SCM does not provide any packages for NequIP and cannot provide support for the installation. But we have compiled some helpful tips in the Engine ASE documentation that may help you with the installation.
The options for NequIP are:
MachineLearning
- Type
Block
- Description
Options for Task MachineLearning.
NequIP
- Type
Block
- Description
Options for NequIP fitting.
Custom
- Type
Block
- Description
Specify a custom NequIP model.
LMax
- Type
Integer
- Default value
1
- Description
Maximum L value. 1 is probably high enough.
MetricsKey
- Type
Multiple Choice
- Default value
validation_loss
- Options
[training_loss, validation_loss]
- Description
Which metric to use to generate the ‘best’ model.
NumLayers
- Type
Integer
- Default value
4
- Description
Number of interaction layers in the NequIP neural network.
RMax
- Type
Float
- Default value
3.5
- Unit
angstrom
- GUI name
Distance cutoff
- Description
Distance cutoff for interactions.
LearningRate
- Type
Float
- Default value
0.005
- Description
Learning rate for the NequIP weight optimization
Model
- Type
Multiple Choice
- Default value
Custom
- Options
[Custom, ModelFile]
- Description
How to specify the model for the NequIP backend.
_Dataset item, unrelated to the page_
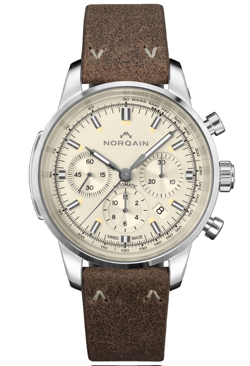 luxury watches Norquain FREEDOM Automatic Chronograph, Water resist 100M, 43 mm. The watch has functions luminescence, stopwatch and date . Basic parameters of the watch are: movement type is mechanical chronograph with automatic winding, strap material is leather, water resistance is 100 m and dial colour is beige.

Either a Custom model can be made from scratch or an existing ‘model.pth’ file can be loaded to obtain the model settings.
ModelFile
- Type
String
- Description
Path to the model.pth file defining the model.
UseRescalingFromLoadedModel
- Type
Bool
- Default value
Yes
- Description
When loading a model with LoadModel or NequiP%ModelFile do not recalculate the dataset rescaling but use the value from the loaded model.
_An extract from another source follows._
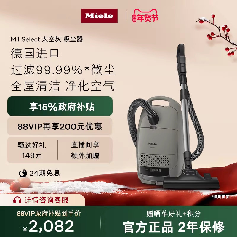 美诺Miele家用有线小型卧式吸尘器地毯宠物猫毛吸尘机M1太空灰

NequIP produces the file <calculation name>.results/optimization/nequip/results/model.pth which contains the deployed model and can be used with the MLPotential engine. Set Backend NequIP and ParameterFile to the path of the deployed model.
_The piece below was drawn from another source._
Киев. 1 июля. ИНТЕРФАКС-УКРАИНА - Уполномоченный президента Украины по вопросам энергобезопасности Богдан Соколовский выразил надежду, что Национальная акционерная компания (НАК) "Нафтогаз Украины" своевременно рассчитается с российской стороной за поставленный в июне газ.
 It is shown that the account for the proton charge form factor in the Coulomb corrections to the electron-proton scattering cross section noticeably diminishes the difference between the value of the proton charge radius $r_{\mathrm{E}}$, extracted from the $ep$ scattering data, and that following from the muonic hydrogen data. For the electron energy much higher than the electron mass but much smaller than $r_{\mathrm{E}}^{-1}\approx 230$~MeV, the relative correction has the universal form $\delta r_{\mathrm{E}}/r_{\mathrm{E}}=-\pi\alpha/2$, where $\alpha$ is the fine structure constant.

6.6.4. ML Parallelization¶
Parallelization options can be set with ParallelLevels
.
Note that Task MachineLearning does not perform AMS jobs during optimization, so the parallelization options are different.
Select the maximum number of parallel committee members with CommitteeMembers or set it to zero to run all committee members in parallel (up to the maximum number of cores or the NSCM environment variable). Select the number of cores each committee is allowed to use with Cores or set it to zero (default) to evenly distribute the available cores over the committee members running in parallel.
Some backends may spawn additional threads for database management, but they should not be using substantial cpu time. GPU offloading is supported through TensorFlow or Pytorch depending on the backend. Currently there are no settings available in ParAMS for GPU offloading, the backends use GPU resources according to their documentation.
ParallelLevels
- Type
Block
- GUI name
Parallelization distribution:
- Description
Distribution of threads/processes between the parallelization levels.
CommitteeMembers
- Type
Integer
- Default value
1
- GUI name
Number of parallel committee members
- Description
Maximum number of committee member optimizations to run in parallel. If set to zero will take the minimum of MachineLearning%CommitteeSize and the number of available cores (NSCM)
Cores
- Type
Integer
- Default value
0
- GUI name
Processes (per Job)
- Description
Number of cores to use per committee member optimization. By default (0) the available cores (NSCM) divided equally among committee members. When using GPU offloading, consider setting this to 1.